The maddeningly calm smile never left his face. “I didn’t kill Ali. Girls overdose all the time—”

“Around you they sure do.” I tried vainly to pull my hand free. “Kissy Hardwick, Laura Stone—”

“Laura would be very flattered that you called her a girl.”

“Fuck you.”

Axel Kern sighed. “You are mistaken if you think I have ever killed anyone, Lit.”

“Right—you just gave them drugs—”

“No, Lit.” He wiggled his eyebrows and twirled an invisible mustache. “I don’t give people drugs. I am drugs.”

“You’re fucking crazy, is what you are! You’re a fucking psycho!”

To my surprise he let go. I backed away from the mattress, but instead of following, Axel remained where he was. He was staring at the opium cakes, gleaming on the floor like so many little fish left mudbound at ebb tide. After a moment he stooped to pick one up. He turned it back and forth so it glittered in the candlelight, then looked at me and asked, “Do you know what this is?”

“Yes,” I snapped. “It’s opium.”

“No.”

He shook his head. His long hair had tangled inextricably with the vines upon his brow, so that green tendrils and darker grape leaves seemed to thrust from the skin beside his temples, and a spiral of ivy nestled in the hollow of his throat as though inside the bole of a tree.

“No,” he repeated. He lifted his arms. In a shimmer of green the kimono fell to the floor. He was naked, but his lean body had none of the softness I would have expected in someone my father’s age. His arms were smoothly muscled, covered with fine dark hair like an otter’s, his legs beautifully formed, save where a glossy red scar ran along one thigh. Only his face held that mixture of cruelty and amusement that I had seen so often over the years, as he told of some producer’s fall from grace or the death by misadventure of an old, beloved friend.

Now he looked scarcely older than one of my own friends, though more broad-shouldered, his hair like a winter sky, his face heavily lined. I stared at him, too tired to be embarrassed or aroused. But then it was as though my vision grew fuzzy, as though this were a film that had suddenly gone out of focus.

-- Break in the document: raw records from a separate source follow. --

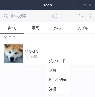 PC版からKeepにアップロードしたファイルをスマホアプリ版でダウンロードしてスマホに移したり、トークに貼り付けて共有するなんてことも可能です。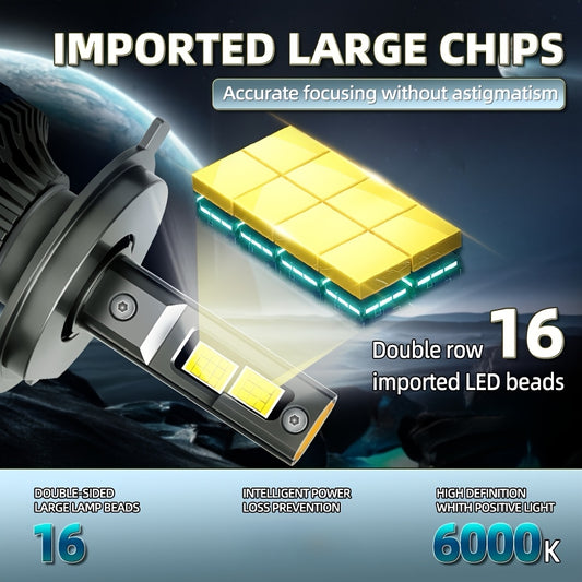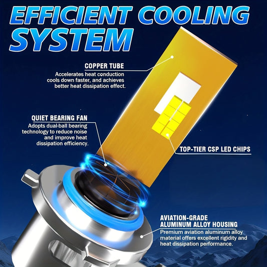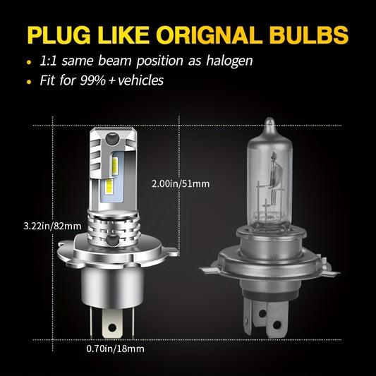 2pcs H4 9003 HB2 LED Headlight Bulbs - 20000LM Super Bright, 12V, High & Low Beam with Fan, White, Fit for Cars, Trucks, SUVs, Motorcycles, Vehicle Lighting Upgrade, Sleek Bulb Design, Durable Construction, Without Battery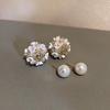 Double-Sided Silver Needle Pearl & Diamond Stud Earrings - Korean Cold Style for Women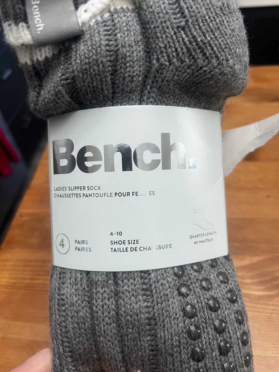 Bench Four pairs of ladies slipper socks. Sizes 4-10. Quarter length. New never worn. Pick up only. Closest intersection is Jane St and Eglinton Ave west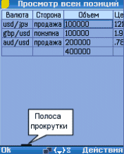 Передвижение по ней как и в остальных случаях осуществляется клавишами вверх–вниз (джойстиком). Вертикальная полоса прокрутки показывает при этом текущее положение.

Because I was no longer seeing Axel Kern. It was like one of those optical illusions that would leave me fuming as I struggled to find the Young Girl in a blot of ink, when all I could see was The Crone. For a fraction of a second both figures would be there on paper, maiden and hag, and then I would have to try all over again to bring one or the other back in focus.